L’UDC fribourgeois ne manque pas l’occasion de faire le lien avec l’initiative contre les juges étrangers. Selon lui, «ce vote montre aussi que les Suisses ne sont pas disposés à suivre toutes les décisions des juges de Strasbourg». Car tout est parti d’un arrêt de la Cour européenne des droits de l’homme (CrEDH), tombé en 2016. Sans se prononcer sur le fond, la Cour a jugé que la base légale pour la surveillance secrète des assurés n’était pas suffisante. Le Parlement a aussitôt décidé de pallier cette lacune. Pour le chef du Département de l’intérieur, Alain Berset, la nouvelle loi a le mérite de mettre en place des règles plus claires que celles qui prévalaient avant 2016.

Des garanties à respecter

Les principaux concernés sont les bénéficiaires de l’assurance accident et de l’assurance invalidité. Déçue par le résultat du scrutin, l’association Inclusion handicap dénonce une campagne qui a stigmatisé les bénéficiaires de l’AI. «Sous couvert de la fraude aux assurances, c’est maintenant l’abus de la part des assureurs qui sera favorisé», a-t-elle réagi hier.

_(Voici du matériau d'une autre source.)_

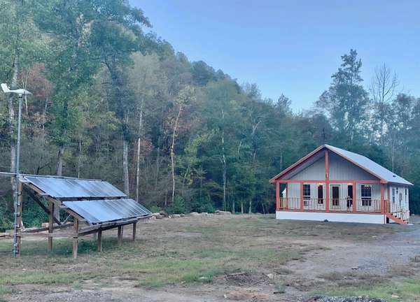 Escape to the Ozarks with this beautiful off-grid property on 34.06 acres in Shirley, AR. Surrounded by rolling hills and a year-round creek, this property offers privacy, peace, and self-sufficiency. The cabin features a spacious front porch, open living and dining area with island, cedar accents, and modern finishes throughout. Enjoy a master suite with walk-in closet, guest bedroom, and laundry room. Powered by solar panels with battery bank, creek, water holding tank, this home is built for off-grid comfort. Outside you’ll find approx. 5 cleared acres, a large 3-bay carport, storage shed, and 700 ft of creek frontage. Perfect for a homestead, —just 2.5 miles from the Middle Fork of the Little Red River and 8 miles to Greers Ferry Lake! Very remote, off grid and rural. Contact an agent today for details.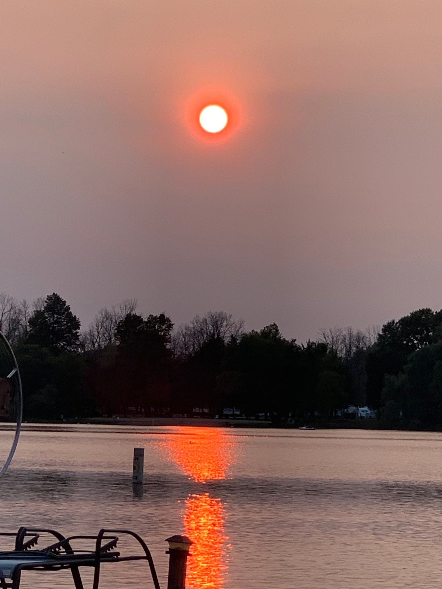 Here is last night's sunset in Wisconsin, filtered by smoke from the fires in the West.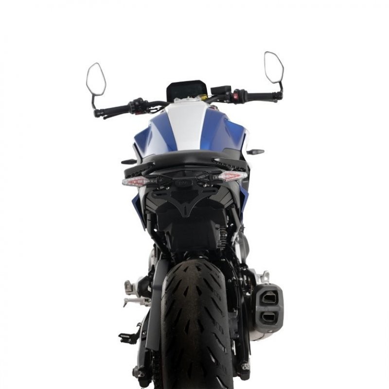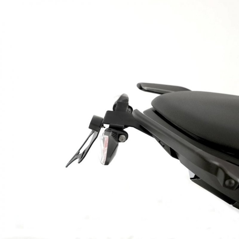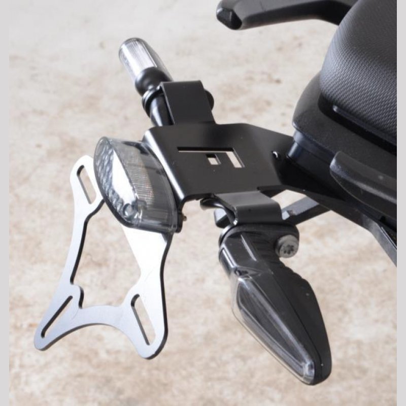 Im Lieferumfang befindet sich eine LED Beleuchtung mit E-Zeichen. Die LED Beleuchtung ist als Ersatz für das original Rücklicht und hat 3 Funktionen integriert: (Rücklicht, Bremslicht und Kennzeichenbeleuchtung). Der Kennzeichenhalter kann sowohl mit Original Blinkern und auch mit unseren R&G Microblinkern gefahren werden.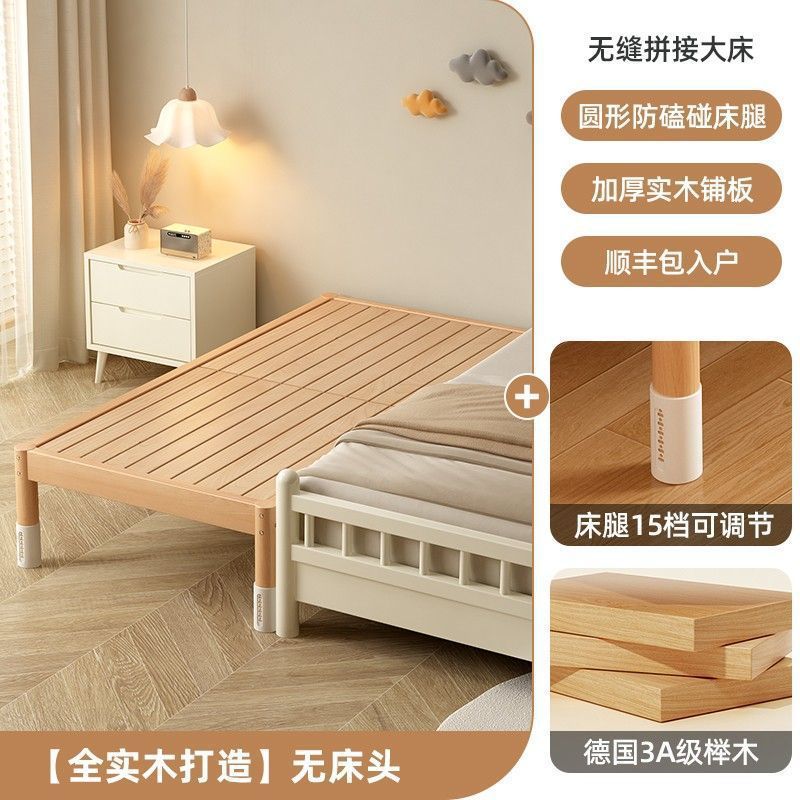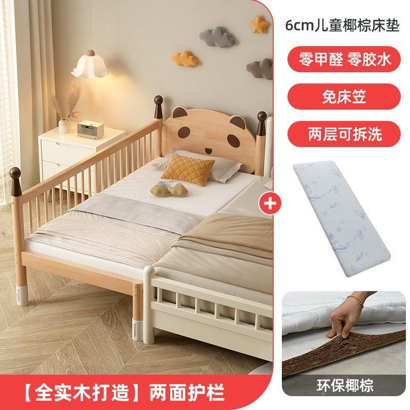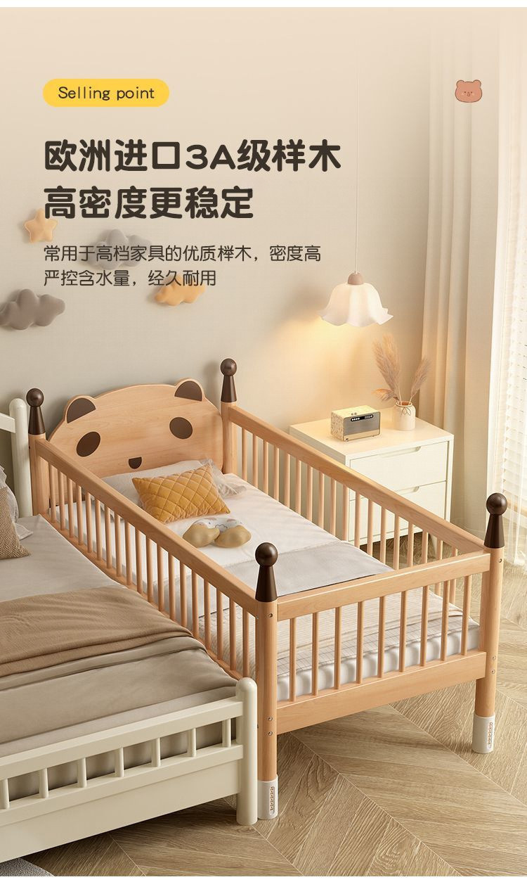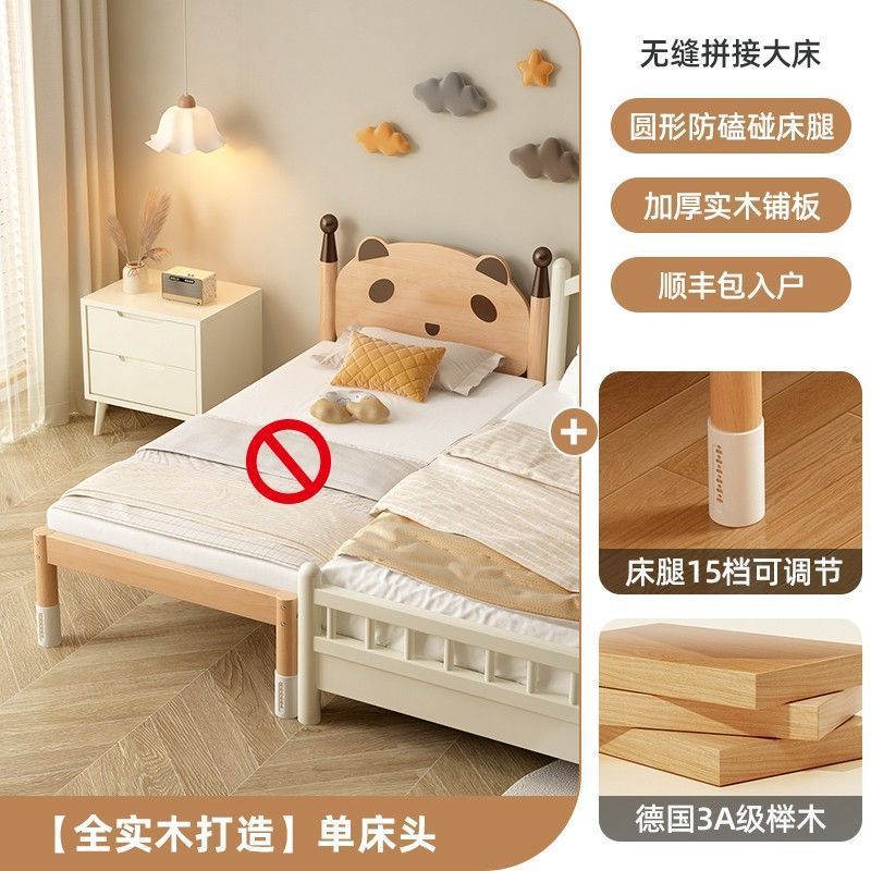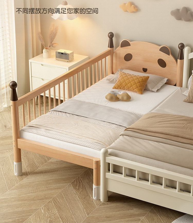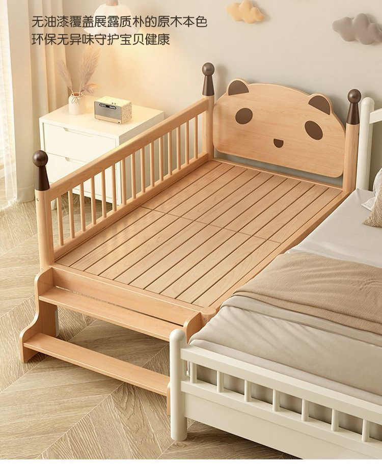 너도밤 나무 아기 조절 식 접합 침대 확대 소년 아기 침대 옆 단단한 나무 유아용 침대 어린이 대형 침대 한 조각 배치

Pour les socialistes, les Verts et les syndicats, qui se sont associés au référendum lancé par un comité de citoyens, il faut maintenant veiller à une application mesurée de la loi. «Cela valait la peine de mener le débat, on se rappellera des garanties données pendant la campagne», souligne la vice-présidente des Verts Lisa Mazzone. «Nous nous assurerons que les détectives, comme promis, ne puissent pas procéder à des observations à l’intérieur des habitations. Il n’est pas exclu qu’un nouveau cas remonte à Strasbourg».

Pression sur la Suva

De leur côté, les syndicats mettent la pression sur l’assurance accidents Suva. Ils attendent d’elle un comportement exemplaire du fait de l’implication des partenaires sociaux dans son conseil. Il reste encore un point à régler par la justice: le comité référendaire a porté plainte, en juin, contre l’information «tendancieuse» des pouvoirs publics. Par la suite, la Chancellerie a reconnu une erreur dans un tableau figurant dans la brochure du Conseil fédéral. Au vu de la netteté du vote, il est cependant peu probable que le Tribunal fédéral donne suite à la plainte

Commentaire Christiane Imsand

Pour les uns, il en allait de la crédibilité des assurances sociales, pour les autres, de la protection de la sphère privée. Les premiers l’ont emporté, car la loi était formulée de telle sorte qu’un vote négatif aurait été perçu comme une démission face aux fraudeurs. Or, les abus existent et ce n’est pas parce qu’ils sont peu nombreux qu’il faut s’empêcher de les combattre.

Si le pouvoir de police conféré aux assureurs est néanmoins une source d’inquiétude, c’est parce qu’il s’inscrit dans une tendance toujours plus forte à réduire le cadre de la sphère privée. Non pas qu’il faille avoir peur de caméras dans sa chambre à coucher. La jurisprudence du Tribunal fédéral est suffisamment claire pour éviter cette dérive. Mais il y a bien d’autres façons de savoir ce que fait le simple citoyen. Le téléphone portable permet de tracer son itinéraire et de connaître ses relations, ses cartes de crédit d’analyser ses dépenses et bientôt sa carte d’assuré permettra de tout savoir sur son état de santé.

A chaque autre innovation, on nous assure que tout est verrouillé, mais dès lors que des clés d’accès existent, on peut être sûr qu’elles seront utilisées un jour ou l’autre, notamment au nom de la sécurité. Cela s’est vérifié dans divers pays dans le contexte de la lutte contre le terrorisme.

Cette évolution mérite qu’on soit attentif à toute réforme susceptible de réduire encore plus la sphère privée. Pas par paranoïa, mais pour éviter un excès de confiance contre-productif.